YOUR VIEW: The twig models shall be snapped


Jenny Bradley, a sixth year student from Cumbernauld, gets a little something off her chest that’s been bothering her lately – namely mannequins in high street fashion retailers…

When I walk around town and see the shop windows with their skinny, twig-like mannequins glaring back at me not only am I thinking, ‘Oh lord, I need to hit the gym,’ I also think, ‘They are far too skinny.’

And I’m not the only one. In recent months, major retailers have faced backlack from customers over the shape and size of the mannequins they use in store to show off their clothes. The models are super slim, beyond the realms of your ‘average’ British woman.

Big fashion retailers like Topshop and River Island give the impression to us that we will look just as good in the same clothes that the mannequins are wearing. While I know this isn’t true, I still think it anyway as I approach the changing room with the outfit on display. Well that is until I try the clothes on and realise the display models aren’t doing their job at all – they’re not showing what the clothes look like on your average customer.

Average mannequins come in at a size 10 in most high street chains, but I’m going to be honest here. I am a size 10 (sometimes) average human teenager, and I look nowhere near as skinny or as tall as any mannequin. With their willowy limbs and legs that go on for miles, these apparently ‘normal’ models are anything but – meaning the clothes on display look totally different on real people. And while there are slim girls shopping in these stores, the rest of society seems to get forgotten about – which simply isn’t fair.

I’ve read outbursts on social media about Topshop mannequins and since the outcry, the retailer has promised to stop using super skinny mannequins, switching for more ‘normal’ looking models instead.

Now just because they promise to stop using skinny mannequins, will they stop using six-foot giant models? I mean, come on Topshop, I know they’re there to let us see the clothes but I’d rather put my glasses on to see them! It infuriates me when trying a skirt that is knee length on the model and then turns out to be half way down my shin on me!

Why are the models displaying the clothes not more representative of the women who shop on the high street? It’s time we were able to walk into a shop and find a range of mannequins that give all shoppers an idea of how an outfit will look on them. Short, tall, curvy, slim – there should be mannequins there to represent everyone. Not just the supermodels.
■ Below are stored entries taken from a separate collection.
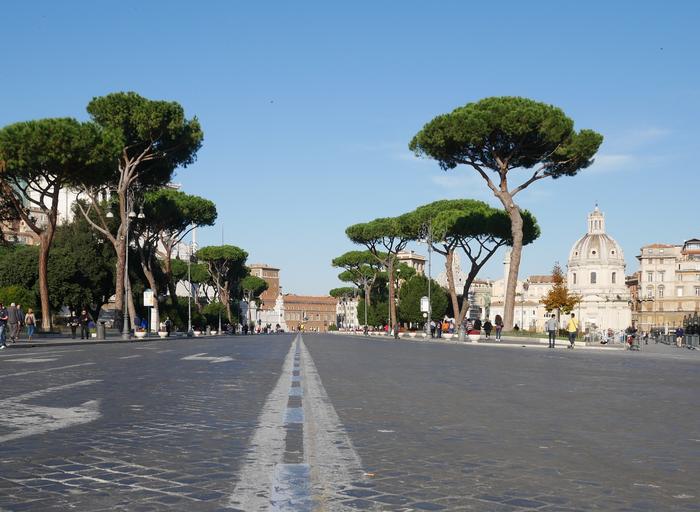 Keywords: road street avenue trees landscape city rome empty street stones pavers via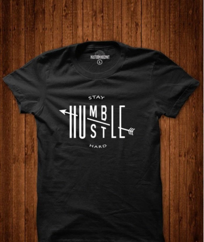 At the center of the shirt, the word “HUSTLE” is prominently displayed in large, stylized white letters, cleverly integrated with the word “HUMBLE”. The design is accentuated by two arrows on either side of “HUMBLE HUSTLE”, pointing outward, symbolizing growth, progress, and the outward momentum of one’s efforts. Above the main text, in smaller yet impactful letters, is the directive “STAY”, urging the wearer and onlooker alike to maintain this mindset. Below, the word “HARD” reinforces the idea of putting in earnest effort without boasting.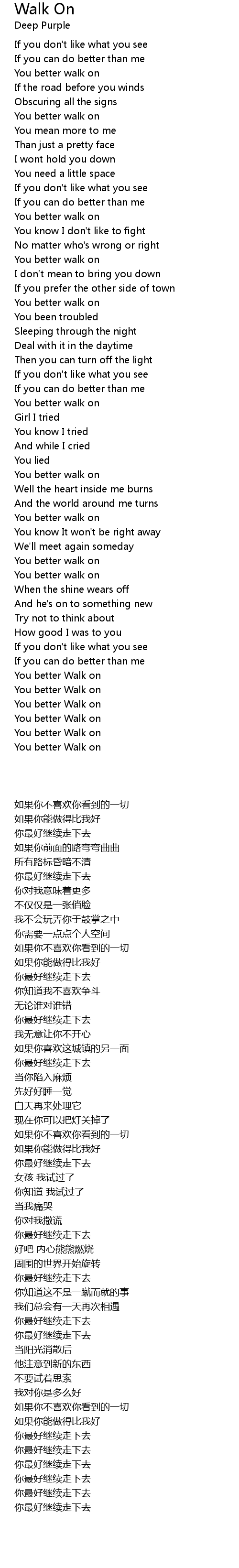 | [01:08.030] | You better walk on |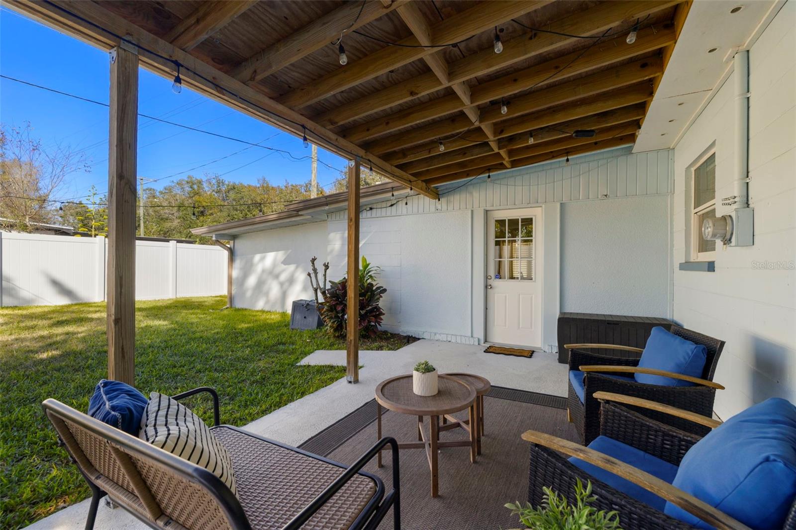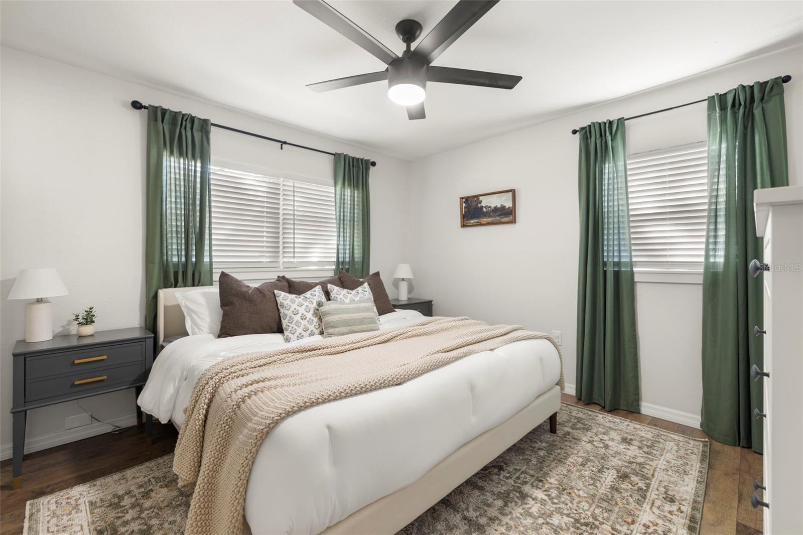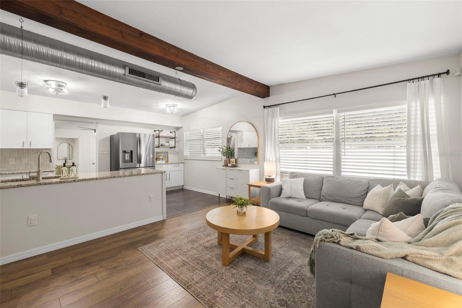 Welcome to 2018 E Broad Street, located in the heart of trendy Seminole Heights. From the moment you arrive, the home's charm draws you in. Known for its tree-lined streets, charming bungalows, and vibrant local culture, Seminole Heights has become one of Tampa's most desirable neighborhoods--and this property perfectly captures its appeal. This renovated 3-bedroom, 2-bath BLOCK home offers 1,323 square feet of living space with an inviting open floor plan. The bright and airy kitchen and family area create the perfect gathering space, highlighted by a bold wood beam that adds character and warmth. The kitchen offers ample countertop space for cooking and entertaining, stunning slate flooring, and abundant natural light. Modern wide-plank flooring flows throughout the home. All three bedrooms are tucked to the left, creating a private retreat away from the main living areas. Recent upgrades include a new HVAC system, new hot water heater, fresh interior paint, newer dishwasher and refrigerator, a custom-made steel front door, all-new blinds throughout, and a 120 sq ft custom hurricane-protected shed. Additional highlights include a privacy fence, two covered patios, utility storage room, and a spacious backyard lit by bistro string lights--perfect for grilling and entertaining. There is plenty of room for RV or boat storage, and the home is conveniently located in a neighborhood with parks and a disc golf course along the Hillsborough River. Beyond the home, enjoy being at the center of one of Tampa's most dynamic communities. Walk to popular restaurants, breweries, parks, and shopping, or take a short drive to downtown Tampa, Armature Works, and Tampa International Airport. Outdoor enthusiasts will love being minutes from Rivercrest Park, offering scenic riverfront trails, and close to McDugald Park, featuring beach volleyball courts and baseball fields, among other parks with access to pickleball and tennis. Families and visitors alike will appreciate easy access to ZooTampa, Busch Gardens, Glazer Children's Museum, and the University of South Florida, while commuters will enjoy approximately a 10-minute drive to downtown Tampa and Ybor City, with Tampa International Airport just 15 minutes away.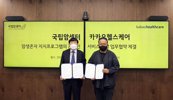 국립암센터와 카카오헬스케어가 20일 ‘암생존자 통합지지프로그램’의 온라인(모바일) 서비스 개발 협력체계 구축을 위해 상호협력 업무협약을 체결했다.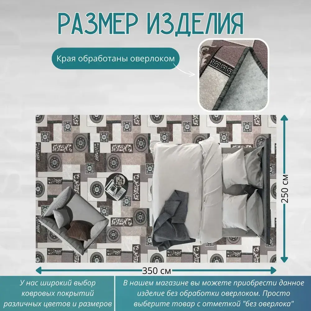 Ковролин метражом 3,5х4 м, без ворса "Пэчворк", бежево-коричневый с оверлоком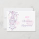 Pássaros roxos e cor-de-rosa abrem os RSVPs de casamento.casal de pássaros bonitos em desenho gráfico de linhas de uma gaiola de pássaros aberta pendurada numa primavera com corações. design de casamento moderno e fascinante da gaiola de pássaros. Bonito cores pastéis de roxo, rosa e branco. Edite este convite RSVP com seus nomes, datas e texto. Desenho de linha e design exclusivo de Sarah Trett para www.mylittleedenweddings.com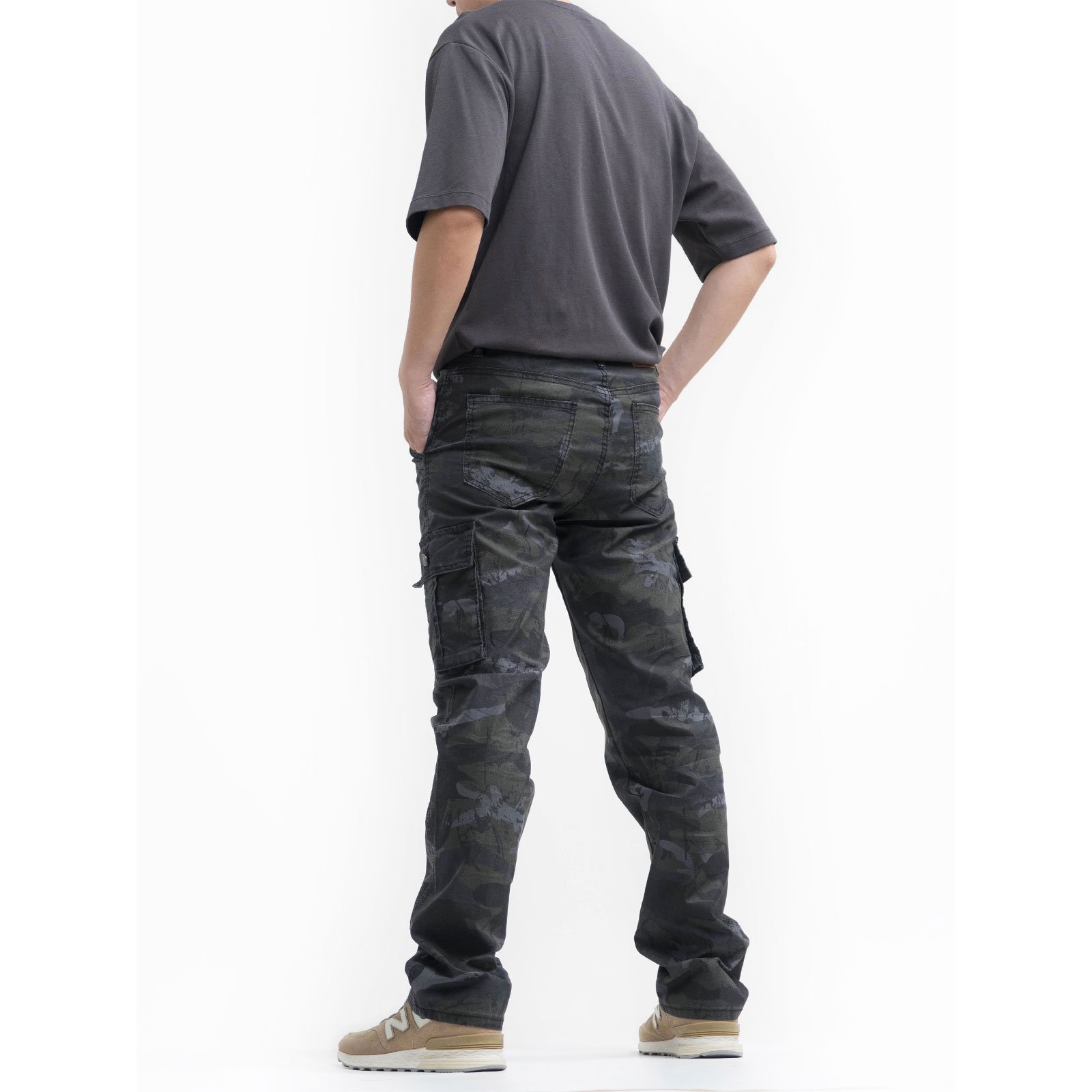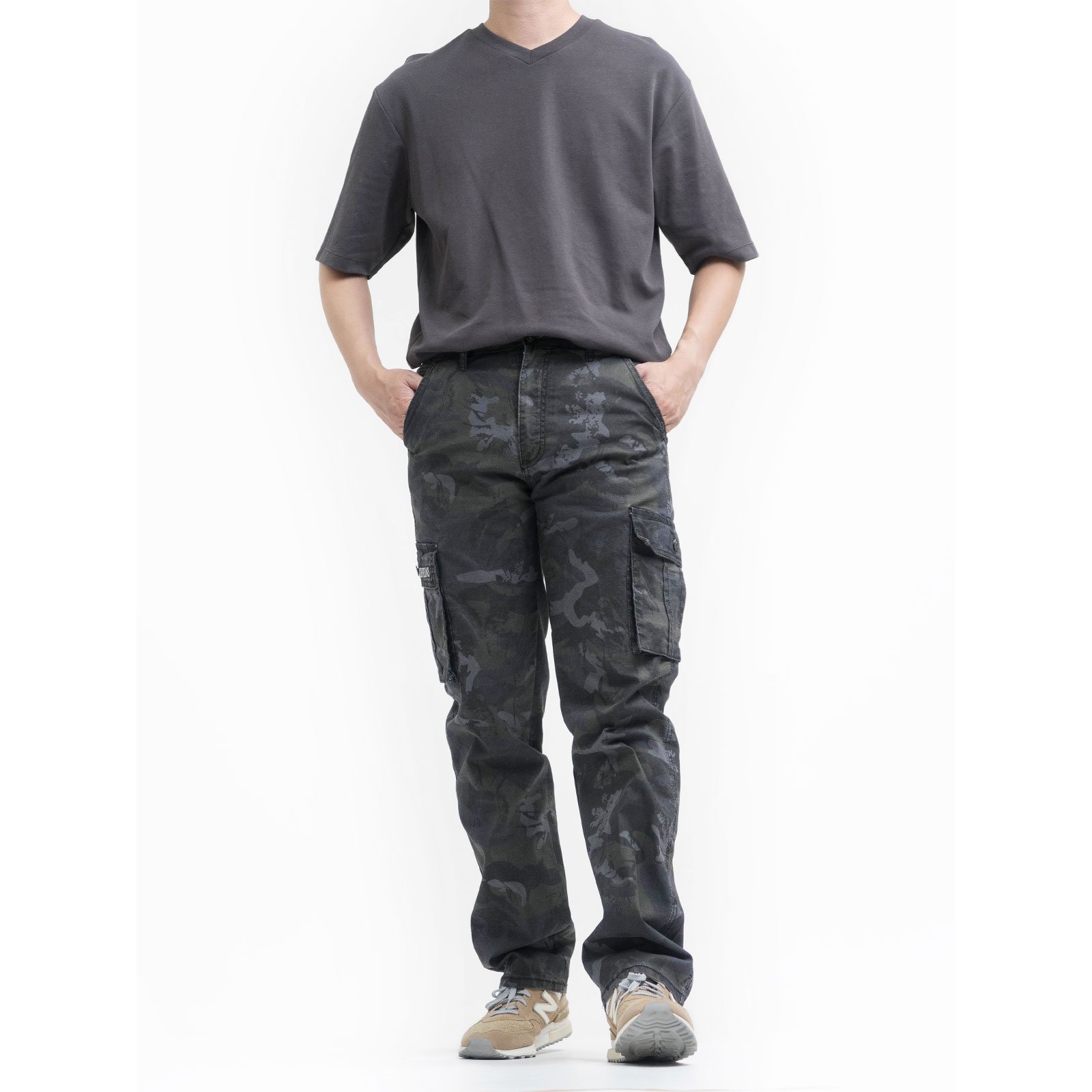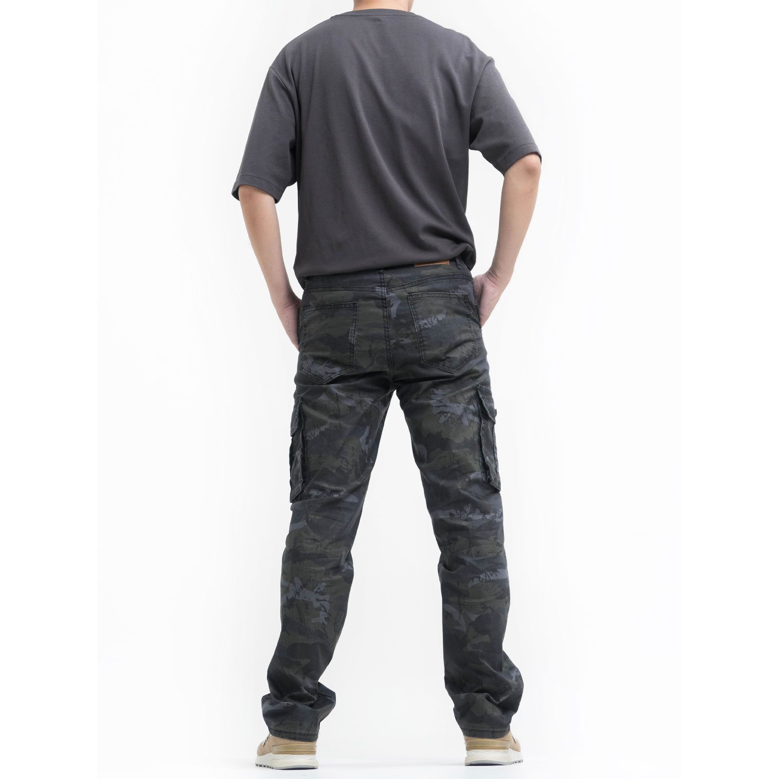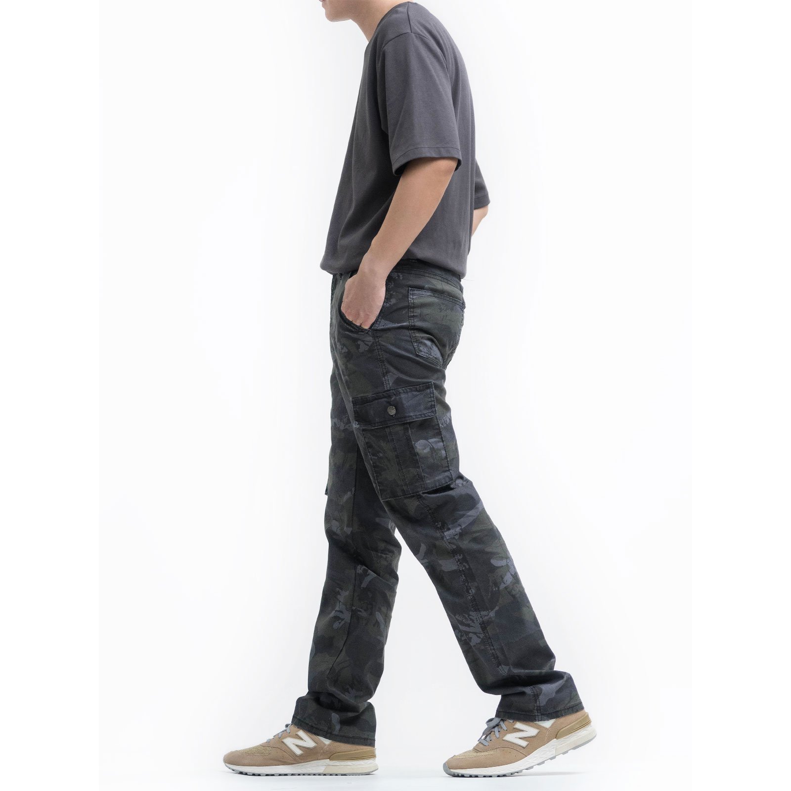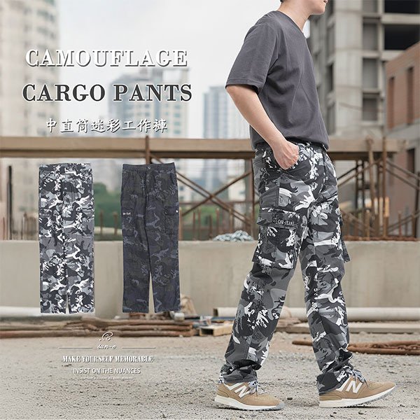 中直筒彈性側袋迷彩工作長褲,柔棉舒適好穿,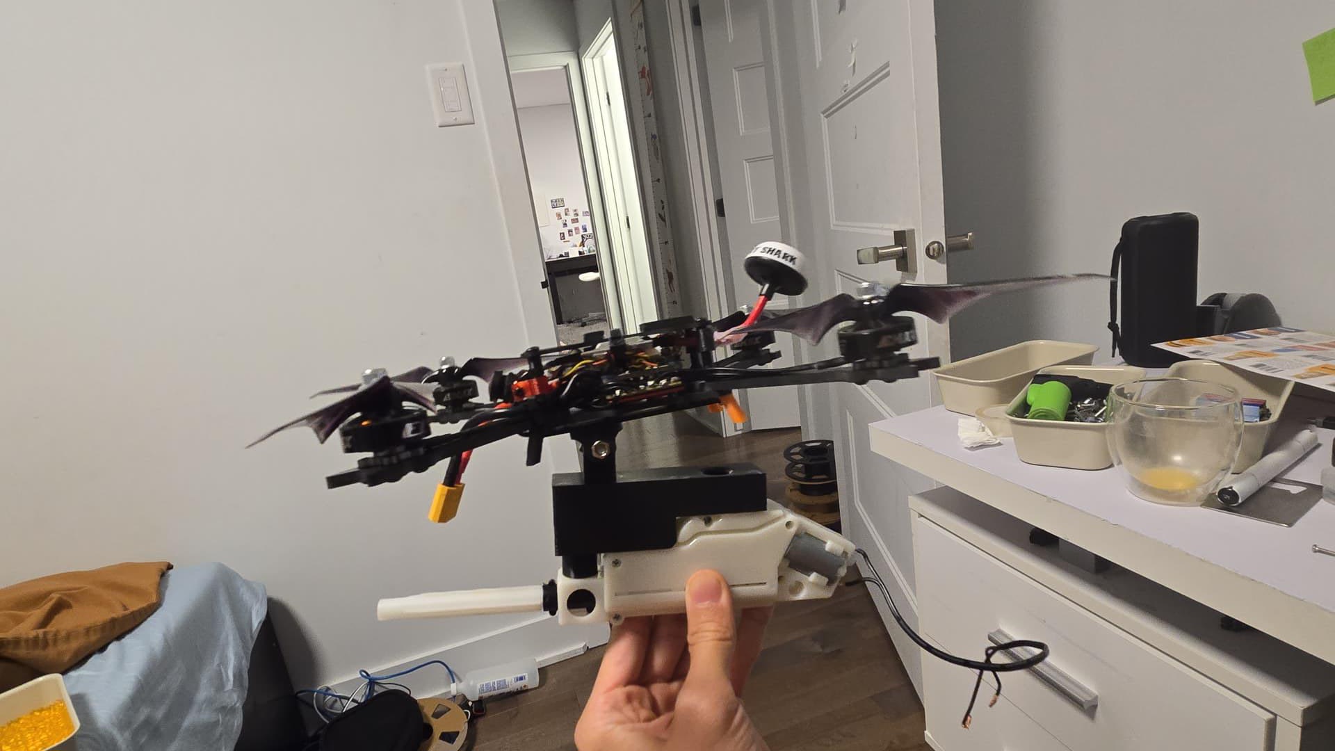 The project objective was the tactical modification of a 6-inch analog FPV multirotor to support a remotely actuated kinetic projectile system (gel blaster). The platform serves as a study in payload integration and real-time kinetic target acquisition via analog FPV optics.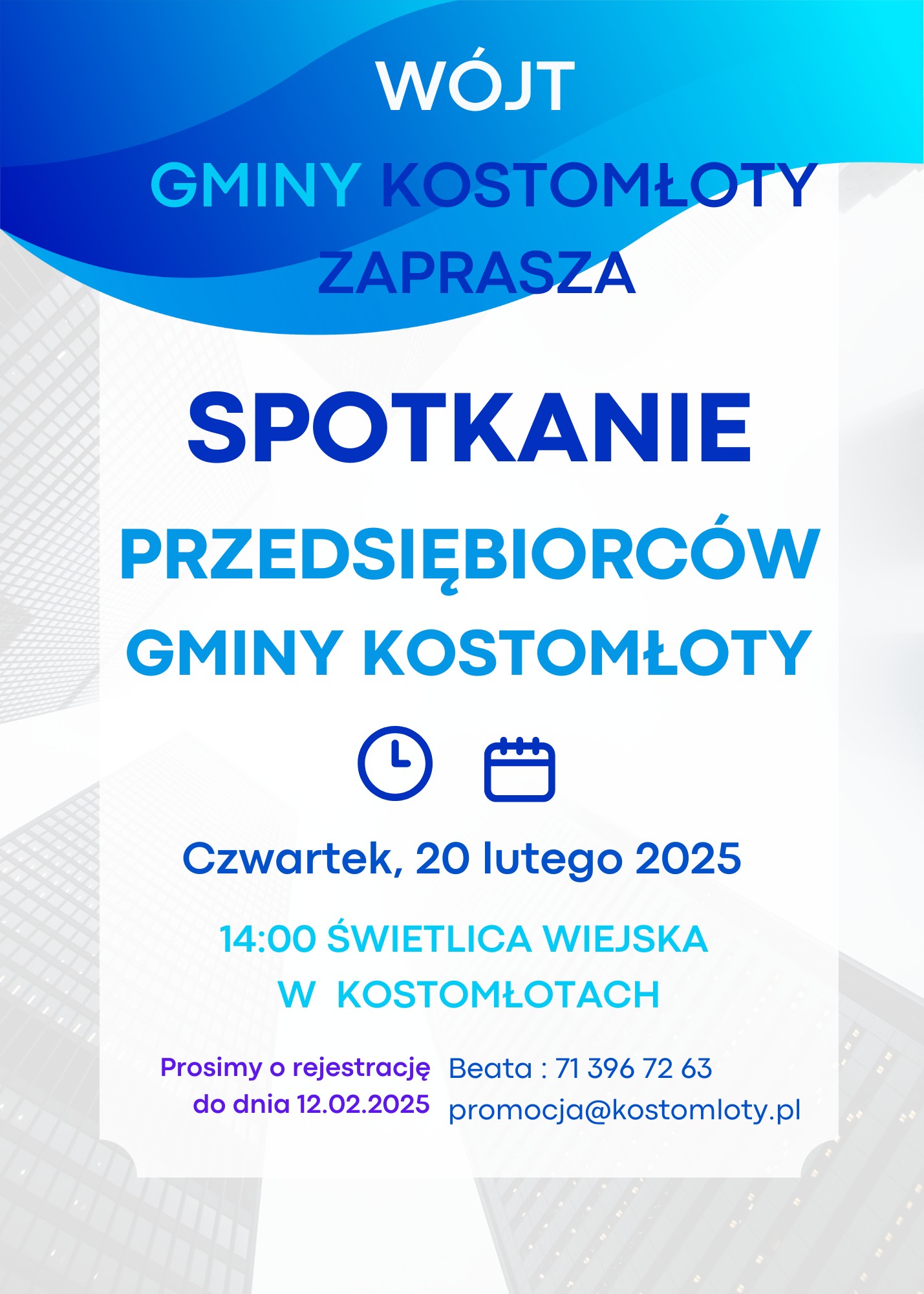 Wójt gminy Kostomłoty Edward Kulig zaprasza osoby prowadzące na terenie gminy Kostomłoty działalność gospodarczą na spotkanie, które będzie okazją do wymiany doświadczeń, wskazaniem potrzeb, wyartykułowaniem istniejących problemów i wyznaczeniem kierunków współpracy między sektorem gospodarczym a sektorem publicznym.

These high street brands are worn by a range of people, and they should try represent that in their stores. Lets stop and think about the shape of mannequins compared to the shape of us real people. Do you know anyone who vaguely resembles a tall skinny plastic doll? I know I don’t – and it’s time the high street ditched the tall skinny look, or at least brought in some different body shapes, in favour of diversity. We should all see ourselves when we’re shopping – so go on, fashion. It’s time for a change.